Things may work for you in other environments - I'm just not matrix testing
every possible permutation.
Bugs reported against tested environments take precedence over others. Please
report any issues [here](https://code.martini.nu/fossil/ruby-mdbx/tktnew).
## Authors
- Mahlon E. Smith <mahlon@martini.nu>
## License
Copyright (c) 2020-2025 Mahlon E. Smith
All rights reserved.
Redistribution and use in source and binary forms, with or without
modification, are permitted provided that the following conditions are met:
* Redistributions of source code must retain the above copyright notice,
this list of conditions and the following disclaimer.
* Redistributions in binary form must reproduce the above copyright notice,
this list of conditions and the following disclaimer in the documentation
and/or other materials provided with the distribution.

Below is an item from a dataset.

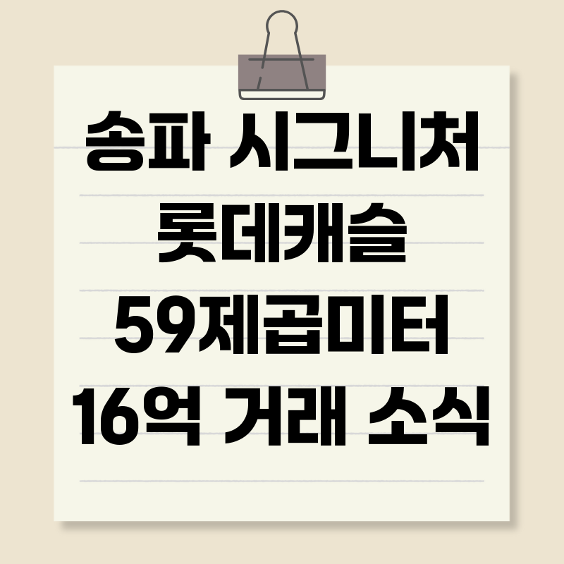 송파 롯데캐슬 59㎡ 16억 거래, 상승장 신호? 숨겨진 의미는?최근 송파 시그니처 롯데캐슬의 59제곱미터(이하 59㎡)가 16억 원에 거래되었다는 소식이 전해지면서 부동산 시장에 미묘한 파장을 일으키고 있습니다. 단순한 거래 사례일까요, 아니면 강남 부동산 시장의 회복을 알리는 조심스러운 신호탄일까요? 2024년 현재, 부동산 시장은 금리 인상, 경기 침체 우려 등 다양한 변수 속에서 방향을 잡지 못하고 있습니다. 이러한 상황에서 송파 롯데캐슬의 거래는 어떤 의미를 가지는지, 그리고 앞으로 부동산 시장에 어떤 영향을 미칠지 심층적으로 분석해 보겠습니다.송파 롯데캐슬 59㎡ 16억 거래, 시장 상황은?송파 시그니처 롯데캐슬은 2019년 입주한 랜드마크 단지로, 뛰어난 입지와 상품성으로 꾸준히 관심을 받아..

* Neither the name of the author/s, nor the names of the project's
contributors may be used to endorse or promote products derived from this
software without specific prior written permission.

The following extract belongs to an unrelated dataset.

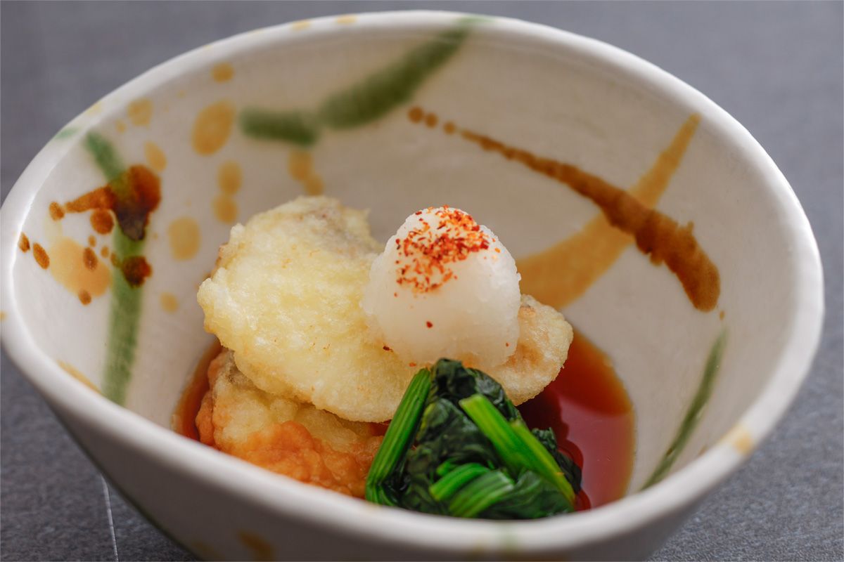 | oily foods | Deep-fried wild red sea bream from Ise Bay with ponzu sauce |

THIS SOFTWARE IS PROVIDED BY THE COPYRIGHT HOLDERS AND CONTRIBUTORS "AS IS"
AND ANY EXPRESS OR IMPLIED WARRANTIES, INCLUDING, BUT NOT LIMITED TO, THE
IMPLIED WARRANTIES OF MERCHANTABILITY AND FITNESS FOR A PARTICULAR PURPOSE ARE
DISCLAIMED. IN NO EVENT SHALL THE COPYRIGHT OWNER OR CONTRIBUTORS BE LIABLE
FOR ANY DIRECT, INDIRECT, INCIDENTAL, SPECIAL, EXEMPLARY, OR CONSEQUENTIAL
DAMAGES (INCLUDING, BUT NOT LIMITED TO, PROCUREMENT OF SUBSTITUTE GOODS OR
SERVICES; LOSS OF USE, DATA, OR PROFITS; OR BUSINESS INTERRUPTION) HOWEVER
CAUSED AND ON ANY THEORY OF LIABILITY, WHETHER IN CONTRACT, STRICT LIABILITY,
OR TORT (INCLUDING NEGLIGENCE OR OTHERWISE) ARISING IN ANY WAY OUT OF THE USE
OF THIS SOFTWARE, EVEN IF ADVISED OF THE POSSIBILITY OF SUCH DAMAGE.